───── Material shown

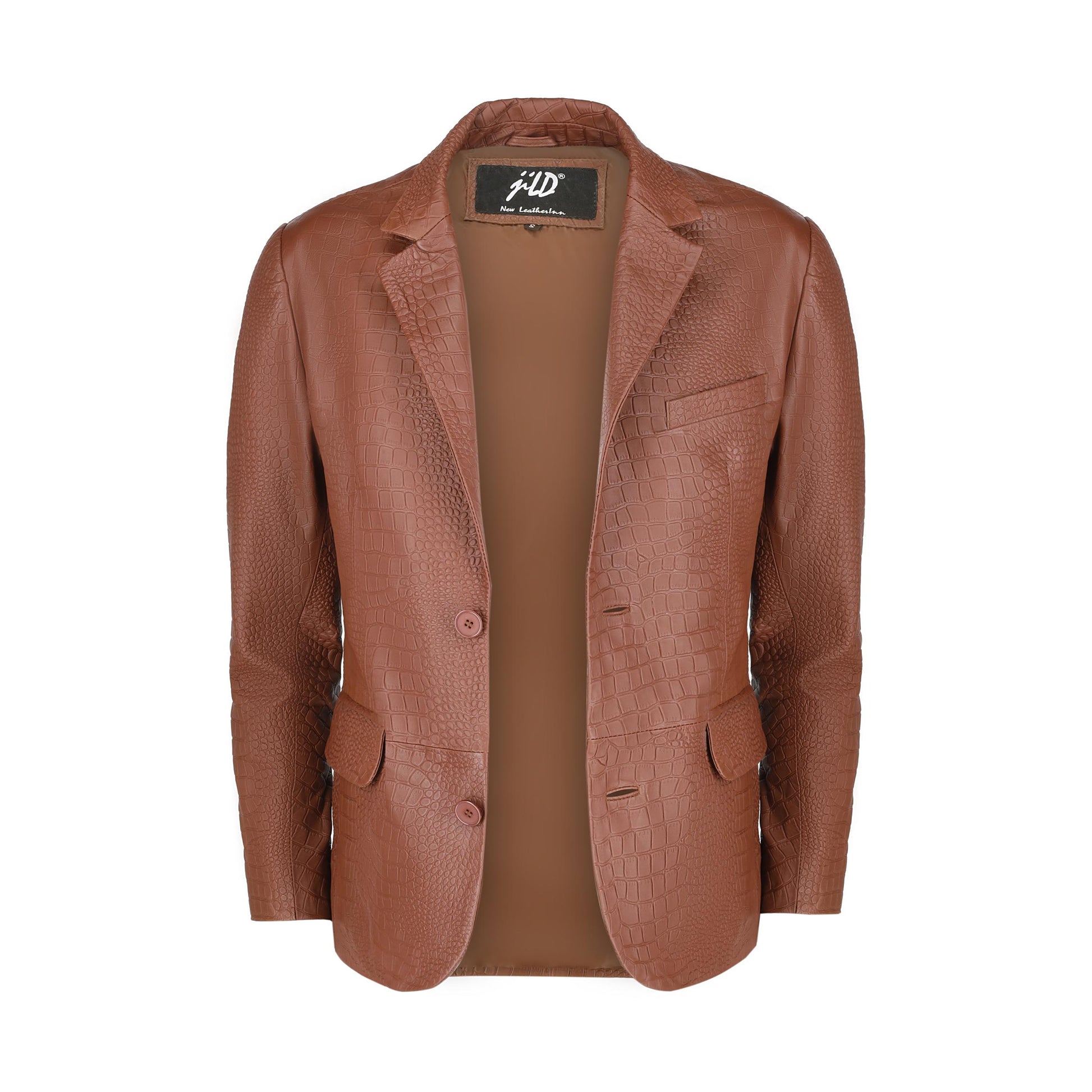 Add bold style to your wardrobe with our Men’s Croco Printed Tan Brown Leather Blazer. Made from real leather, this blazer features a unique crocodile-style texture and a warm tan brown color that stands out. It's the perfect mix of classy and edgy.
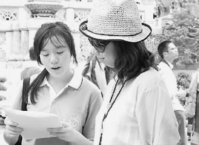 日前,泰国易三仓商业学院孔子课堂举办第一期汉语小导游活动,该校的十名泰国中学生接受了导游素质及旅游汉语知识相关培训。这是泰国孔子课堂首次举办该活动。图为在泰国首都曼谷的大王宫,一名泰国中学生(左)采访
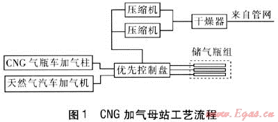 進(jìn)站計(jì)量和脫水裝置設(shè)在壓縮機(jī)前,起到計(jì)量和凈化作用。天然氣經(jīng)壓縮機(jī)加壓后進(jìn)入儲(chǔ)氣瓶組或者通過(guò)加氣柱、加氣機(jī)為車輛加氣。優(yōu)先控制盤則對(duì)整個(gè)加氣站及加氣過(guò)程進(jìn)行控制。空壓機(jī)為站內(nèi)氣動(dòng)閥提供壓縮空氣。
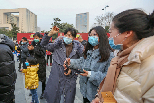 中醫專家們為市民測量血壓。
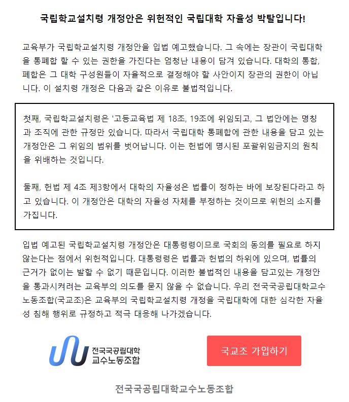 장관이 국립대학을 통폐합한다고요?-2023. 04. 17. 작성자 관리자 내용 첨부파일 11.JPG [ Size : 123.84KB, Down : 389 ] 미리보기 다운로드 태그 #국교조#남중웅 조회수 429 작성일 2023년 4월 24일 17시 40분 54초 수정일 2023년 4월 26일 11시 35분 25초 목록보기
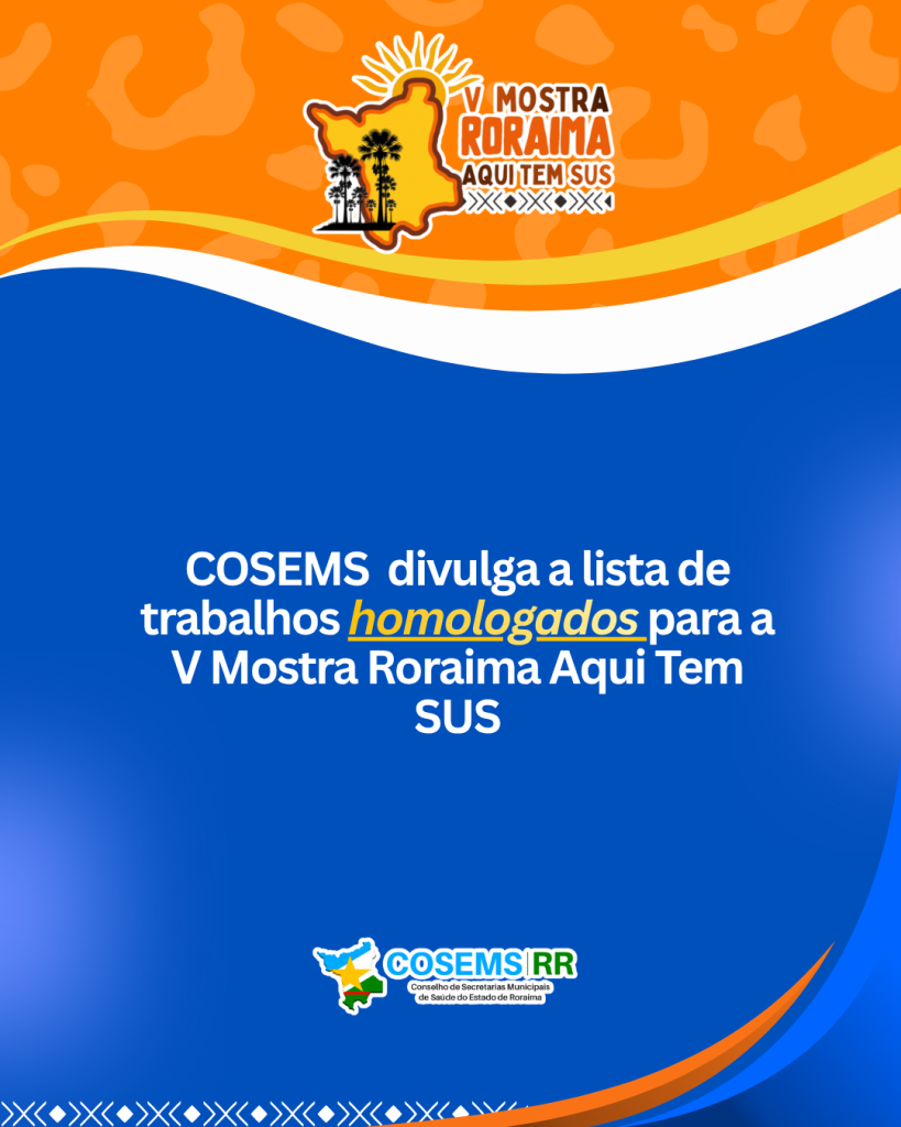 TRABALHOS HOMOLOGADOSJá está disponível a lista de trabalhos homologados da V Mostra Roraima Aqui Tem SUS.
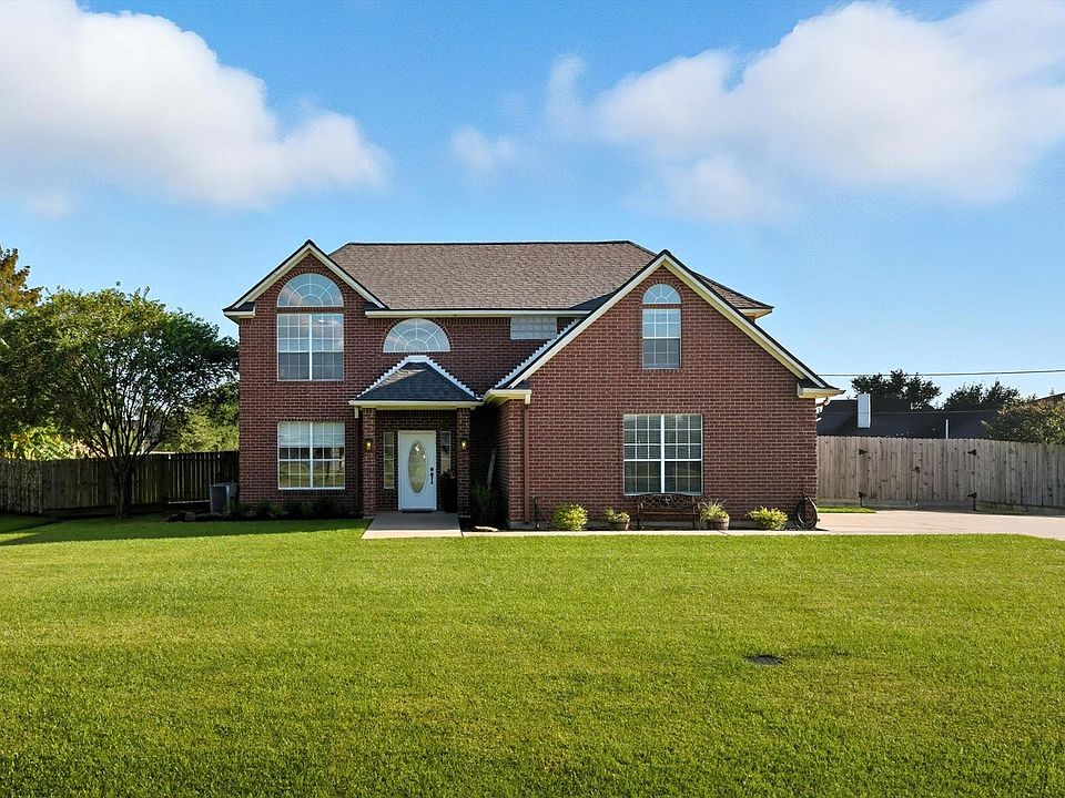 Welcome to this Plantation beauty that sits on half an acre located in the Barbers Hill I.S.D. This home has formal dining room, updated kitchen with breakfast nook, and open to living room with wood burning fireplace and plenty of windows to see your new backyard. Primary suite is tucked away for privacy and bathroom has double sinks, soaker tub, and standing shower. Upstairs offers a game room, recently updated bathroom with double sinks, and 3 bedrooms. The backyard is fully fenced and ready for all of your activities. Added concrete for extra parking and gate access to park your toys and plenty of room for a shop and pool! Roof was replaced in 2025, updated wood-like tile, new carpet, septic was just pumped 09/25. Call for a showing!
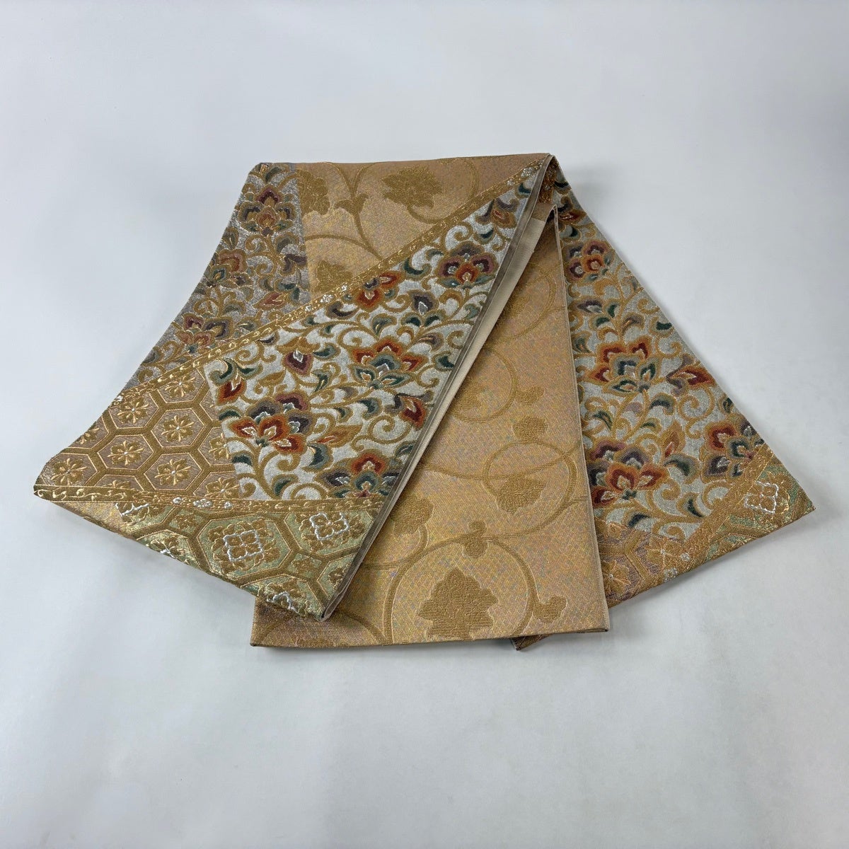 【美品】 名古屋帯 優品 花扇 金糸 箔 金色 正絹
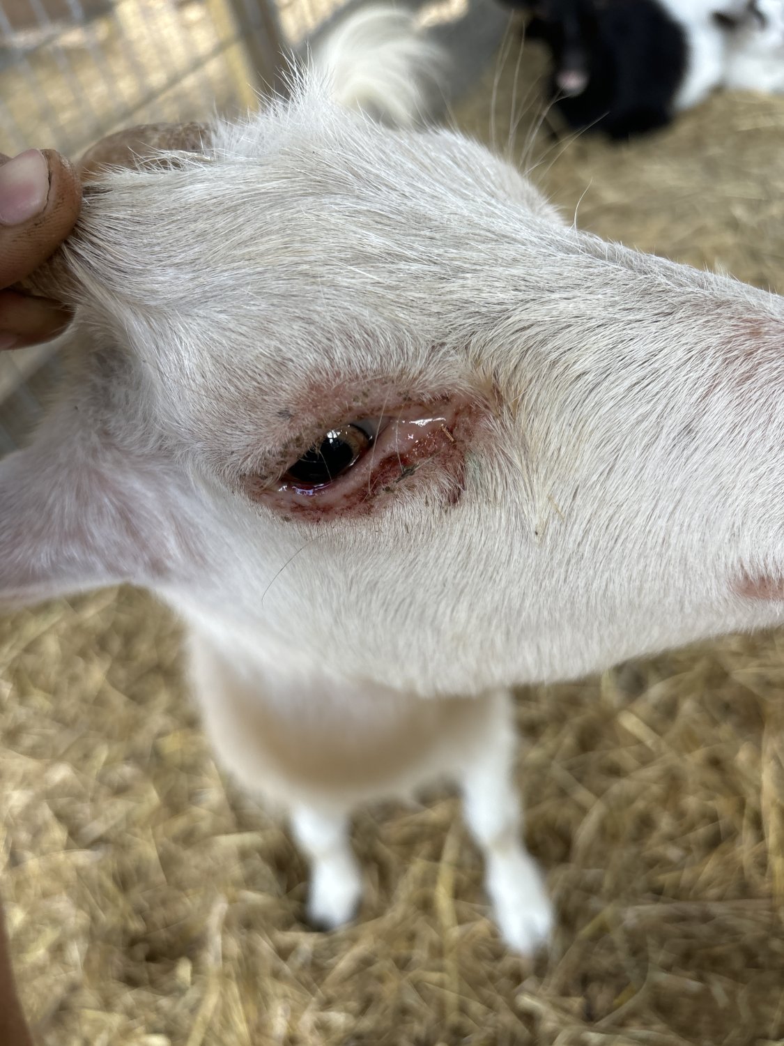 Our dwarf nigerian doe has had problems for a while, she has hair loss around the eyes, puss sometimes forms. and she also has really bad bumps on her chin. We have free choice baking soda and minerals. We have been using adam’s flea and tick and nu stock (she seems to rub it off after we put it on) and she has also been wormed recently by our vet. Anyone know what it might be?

──────────

Task - Using the data above, return the lines from the one holding "장관이 국립대학을 통폐합한다고요?-2023." through the one holding "TRABALHOS HOMOLOGADOSJá está" exactly, but not the pictures.

Worked solution -
 장관이 국립대학을 통폐합한다고요?-2023. 04. 17. 작성자 관리자 내용 첨부파일 11.JPG [ Size : 123.84KB, Down : 389 ] 미리보기 다운로드 태그 #국교조#남중웅 조회수 429 작성일 2023년 4월 24일 17시 40분 54초 수정일 2023년 4월 26일 11시 35분 25초 목록보기
 TRABALHOS HOMOLOGADOSJá está disponível a lista de trabalhos homologados da V Mostra Roraima Aqui Tem SUS.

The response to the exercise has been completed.